# What you are asked to do:
Pictures in the data should be dropped; transcribe exactly the lines from the one that has "De BDK Parfums" through the one that has "Set 3 pezzi".

# Recorded data:
····················

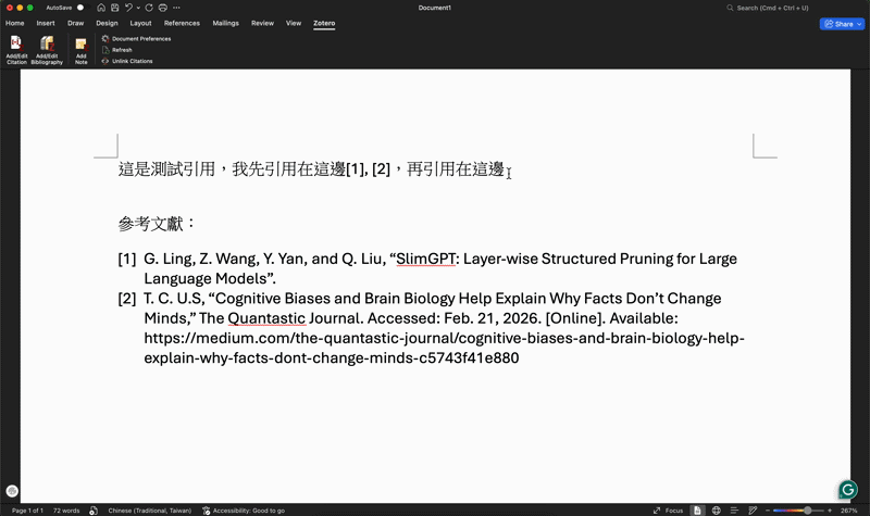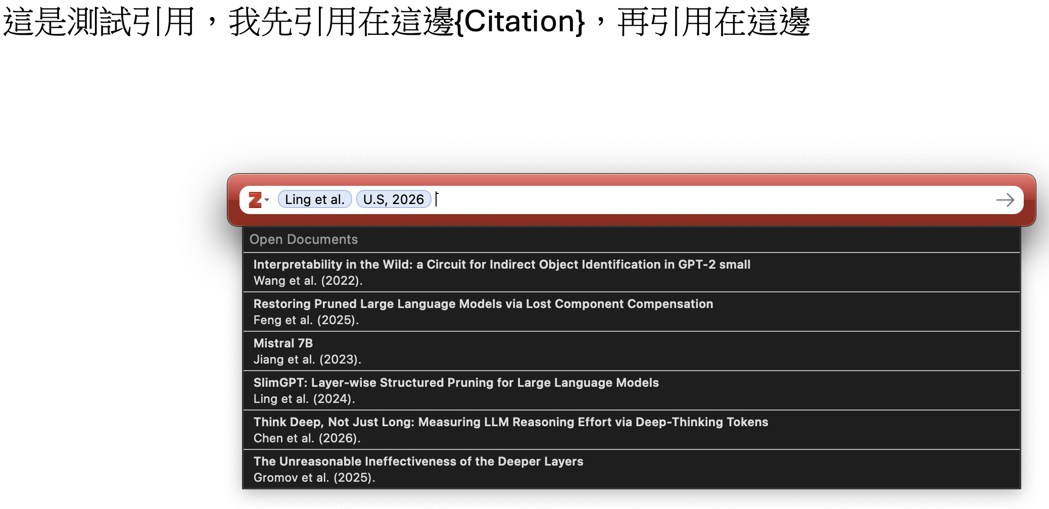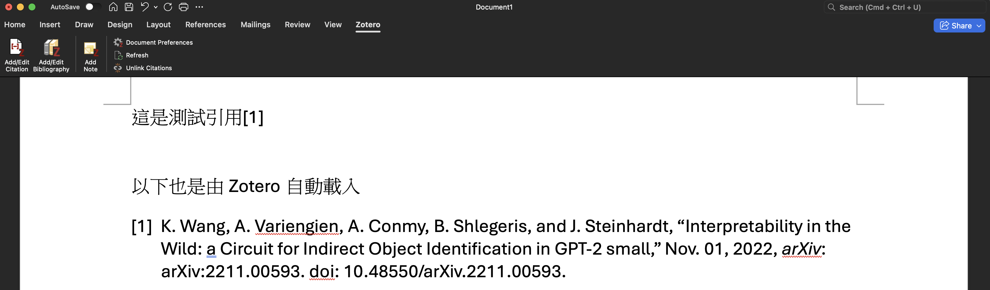 選擇選單中的 Zotero 後,即可插入引用和新增參考文獻。
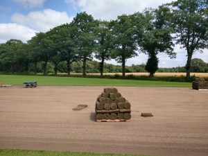 Ik ga verder naar het noorden en blijf net buiten de Heidenhoek, hier vonden de heidense Achterhoekers een woonstede? Wel passeer ik de Heidenhoekse Vloed, het is geen Grote Vloed, zodat ik met droge voeten langs de Vloed kan lopen. Het landschap is zeer afwisselend met agrarisch land (zelfs graszoden groeien hier goed), houtwallen, bospercelen en smalle zandpaden, slingerende beken. Op andere percelen zijn grote landbouwmachines bezig om het gemaaide gras te keren of om het gedroogde gras op te halen. Voer voor de koeien, de voorraad kuilvoer kan worden aangevuld. Jonge gezinnen fietsen stoer op zandwegen. Een enkele amazone komt mij tegemoet, vergezeld door haar moeder op de fiets. De groei van de paardensector lijkt door geen recessie of corona afgeremd te kunnen worden. ‘Doet u mij maar één paard.’ ‘Zal ik hem inpakken of neemt u hem zo mee?’ Minder maisland en minder raaigrasland en meer paardland. .
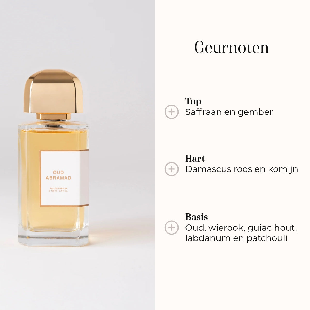 De BDK Parfums Eau de Parfum - Oud Abramad is samengesteld uit Indische oud, roos, wierook en hout. Kruidige topnoten van kardemom en saffraan geven de geur meer intensiteit. Voor wie op zoek is naar een intense, houtige en kruidige parfum.
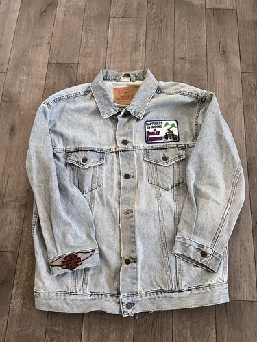 VTG DENIM JACKET CUSTOM HARLEY DAVIDSON PATCHES 24 x 29 USA MADE
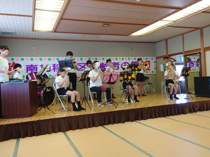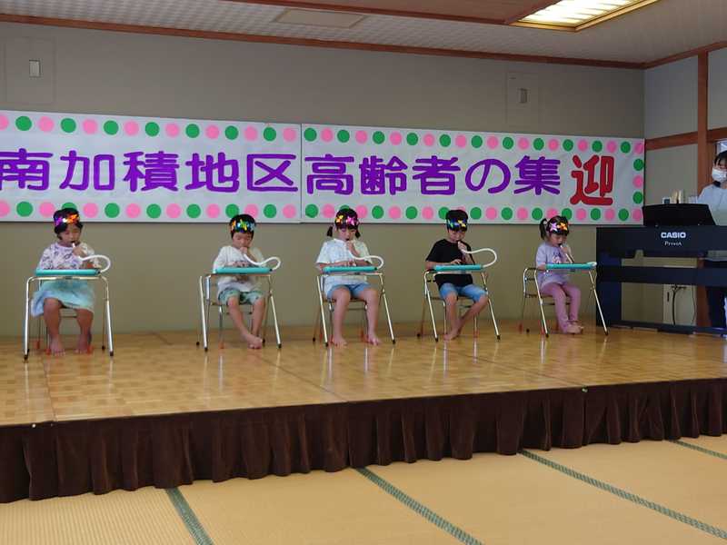 【南加積地区高齢者の集い】 新しいエアコンが効いた涼しい公民館で、元気一杯の高齢者の集いです! 子供たちの一生懸命な姿に元気づけられます♪ みんなでかき氷たべた~い!
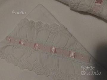 Set 3 pezzi composto da federa, lenzuolo sotto e sopra. Realizzato e cucito interamente a mano con cotone, pizzo sangallo e nasto di raso di ottima qualitá. Disponibile in diverse misure per carrozzina, culla (compatibili con culla Chicco net2me o simili) o lettino. Possibile personalizzare colore e dimensioni. Misure per set carrozzina/culla: lenzuola cm. 75x115 circa federa cm. 28x41 circa. Misure per set lettino: lenzuola cm. 120x180 federa cm. 40x60 circa Disponibile in pronta consegna solo 1 set da carrozzina/culla color rosa, come in foto. Per altre misure/personalizzazioni su ordinazione.
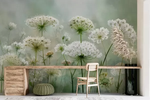 Fototapeten zarte weiße Wildblumen Queen Anne, im malerischen Stil, Grüntöne Nr. w04313
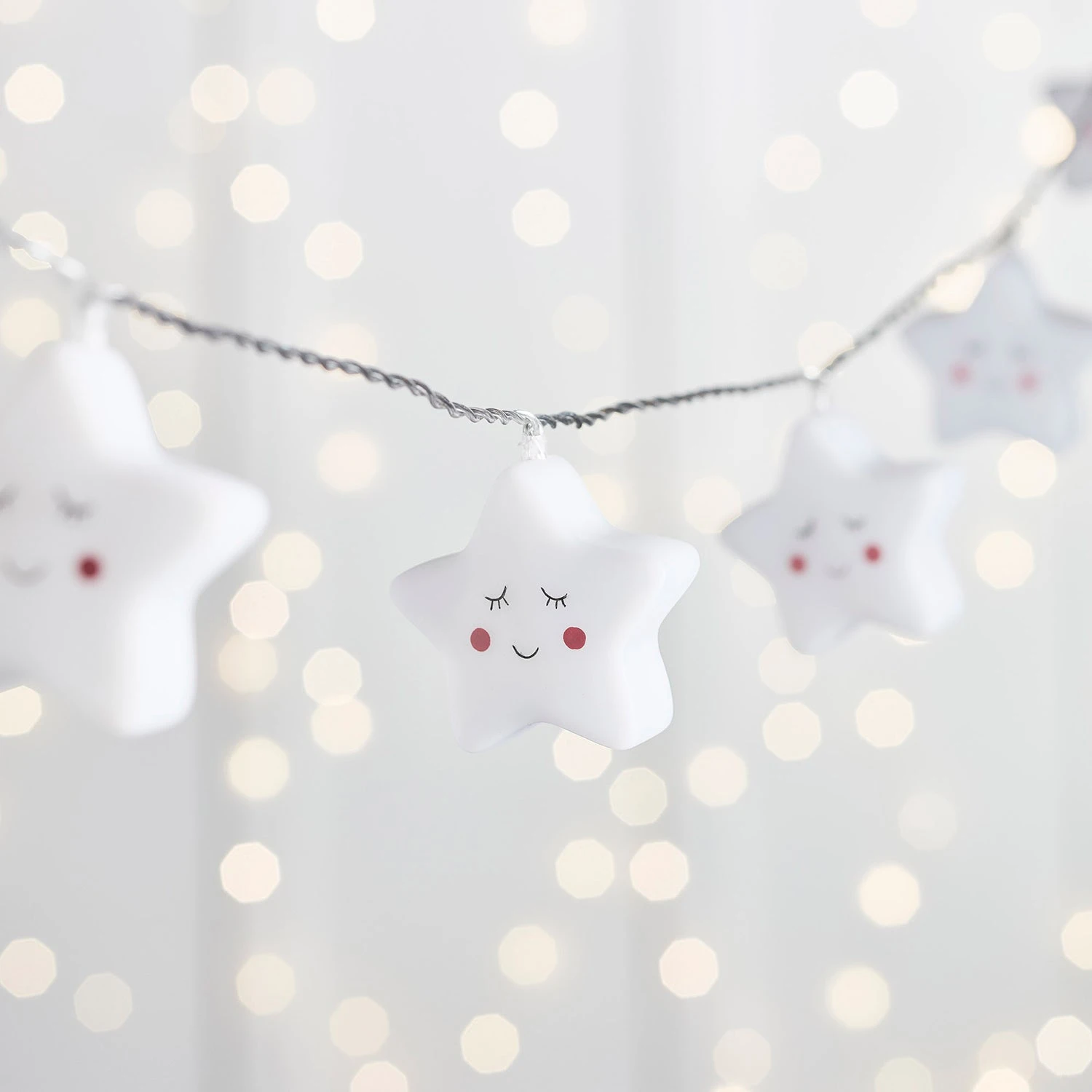 Diese kleinen LED Sterne mit niedlichen lächelnden Gesichtern und rosa Wangen lassen im Kinderzimmer einen leuchtenden Nachthimmel entstehen. Befestige die Sternlichterkette zum Beispiel an der Wand oder am Bettrahmen. Die 20 Sterne sind gleichmäßig auf einem durchsichtigen Kabel verteilt und verbreiten ein sanftes, warmweißes Licht. Stecke zur Schlafenszeit einfach den Stecker in eine Steckdose und es entsteht eine wunderbar ruhige Atmosphäre.
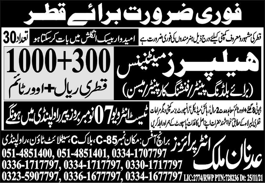 Adnan Malik Enterprises is looking for candidates for following posts as per job advertisement published in daily Express Newspaper of November 5, 2022 for location Qatar, qatar Qatar:
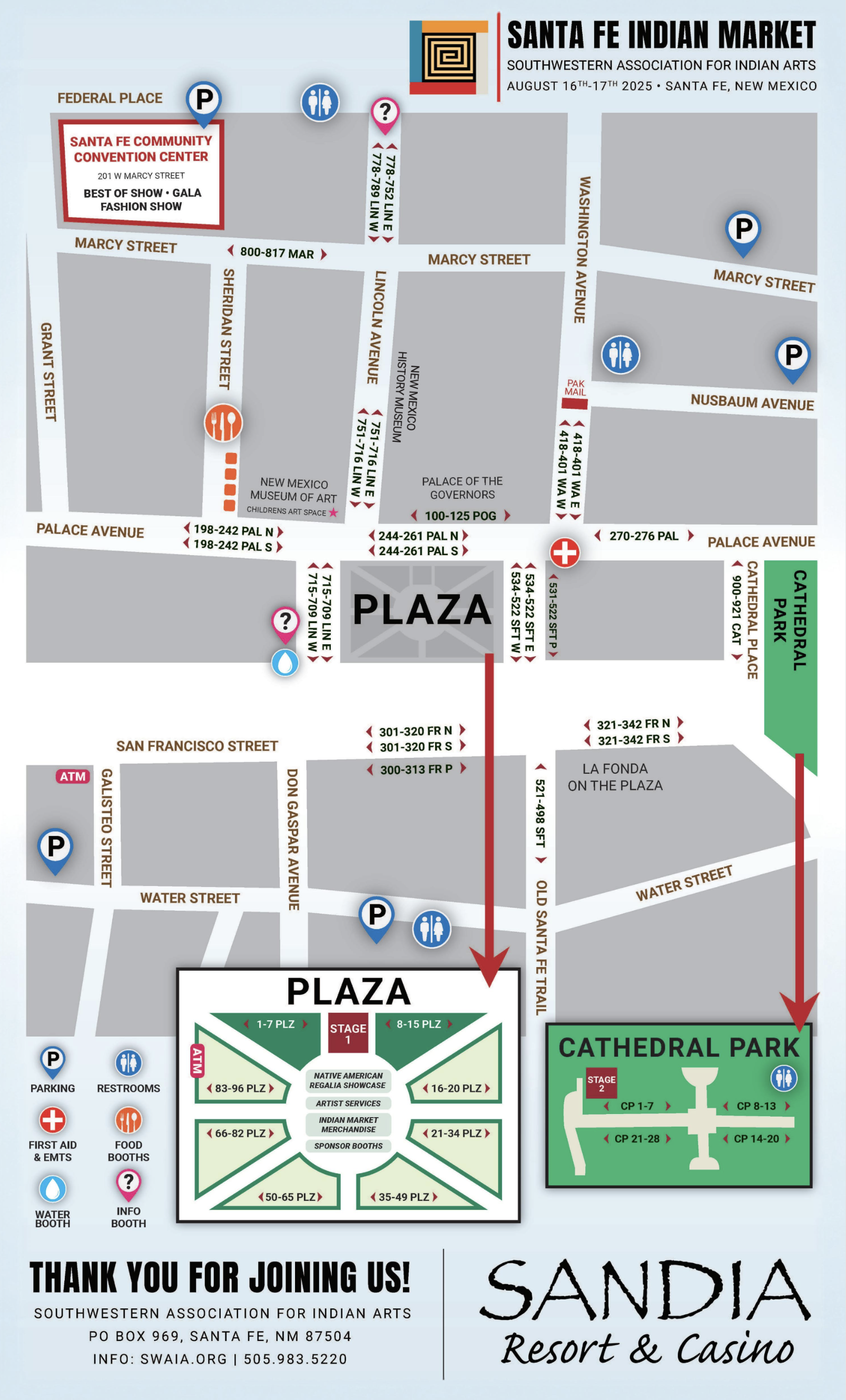 - SWAIA Santa Fe Indian Market: the original market, located downtown, near and on the plaza. Check out the plaza stage for various performances all weekend long. Also get a guide when you arrive to locate your favorite artists and plan your route. 8am-5pm
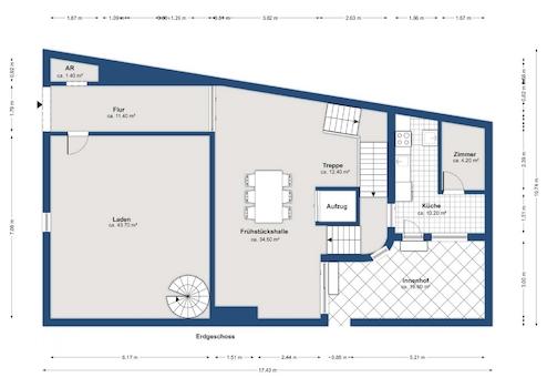 Beim Betreten dieses charmanten, kleinen Hotel´s am Rande der Hof`er Altstadt werden Sie von einem einladenden Eingangsbereich empfangen, der sowohl Gästen als auch Betreibern eine angenehme Atmosphäre vermittelt. Das Erdgeschoss beherbergt den Empfang, das Frühstücksrestaurant , die Küche und nach vorn zur Straße noch eine ca. 45 m² große Gewerbeeinheit (ehemals Spielothek), die man vielfältig umgestalten und für das Hotel nutzen oder ggf. auch als Laden vermieten kann.
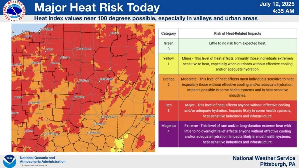 Today’s high temperatures are expected in the upper 80s to low 90s. Combined with dew points in the high 60s to low 70s, most areas will observe a heat index in the mid to upper 90s while valleys and urban areas could experience up to 100F.
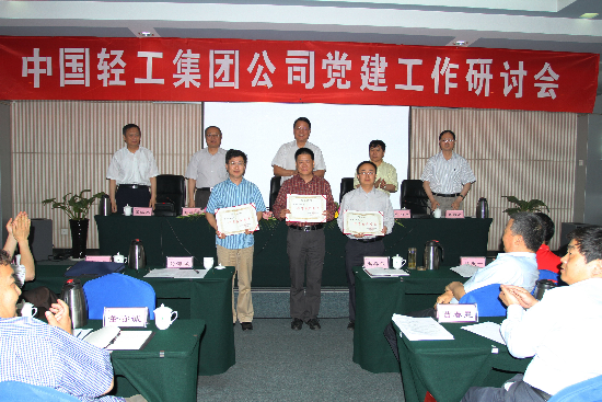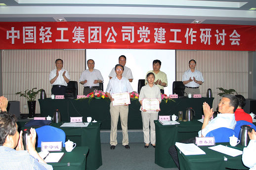 5月27--28日,中國(guó)輕工集團(tuán)公司召開了黨建工作研討會(huì),會(huì)議深入貫徹落實(shí)黨的十七大、十七屆四中全會(huì)和全國(guó)國(guó)有企業(yè)黨建工作會(huì)議精神,深入貫徹落實(shí)科學(xué)發(fā)展觀,總結(jié)集團(tuán)公司重組以來黨建工作情況,研究探討加強(qiáng)和改進(jìn)集團(tuán)公司黨建工作的意見和措施,安排部署當(dāng)前和今后一個(gè)時(shí)期黨建工作,表彰集團(tuán)公司先進(jìn)基層黨組織、優(yōu)秀共產(chǎn)黨員和優(yōu)秀黨務(wù)工作者。集團(tuán)公司黨委書記、董事長(zhǎng)陳學(xué)忠、總經(jīng)理陳鄂生、黨委副書記趙海建、副董事長(zhǎng)張靜之、黨委副書記、紀(jì)委書記梁江東出席會(huì)議并在主席臺(tái)就座,集團(tuán)公司在家的黨政領(lǐng)導(dǎo)班子成員禹春武、俞海星、馬思一、任建平、閻寶成、郭建全、童云翔,集團(tuán)公司各所屬企業(yè)黨政負(fù)責(zé)同志及黨辦主任共計(jì)50余人出席了會(huì)議。

····················

# Result:
 De BDK Parfums Eau de Parfum - Oud Abramad is samengesteld uit Indische oud, roos, wierook en hout. Kruidige topnoten van kardemom en saffraan geven de geur meer intensiteit. Voor wie op zoek is naar een intense, houtige en kruidige parfum.
 VTG DENIM JACKET CUSTOM HARLEY DAVIDSON PATCHES 24 x 29 USA MADE
 【南加積地区高齢者の集い】 新しいエアコンが効いた涼しい公民館で、元気一杯の高齢者の集いです! 子供たちの一生懸命な姿に元気づけられます♪ みんなでかき氷たべた~い!
 Set 3 pezzi composto da federa, lenzuolo sotto e sopra. Realizzato e cucito interamente a mano con cotone, pizzo sangallo e nasto di raso di ottima qualitá. Disponibile in diverse misure per carrozzina, culla (compatibili con culla Chicco net2me o simili) o lettino. Possibile personalizzare colore e dimensioni. Misure per set carrozzina/culla: lenzuola cm. 75x115 circa federa cm. 28x41 circa. Misure per set lettino: lenzuola cm. 120x180 federa cm. 40x60 circa Disponibile in pronta consegna solo 1 set da carrozzina/culla color rosa, come in foto. Per altre misure/personalizzazioni su ordinazione.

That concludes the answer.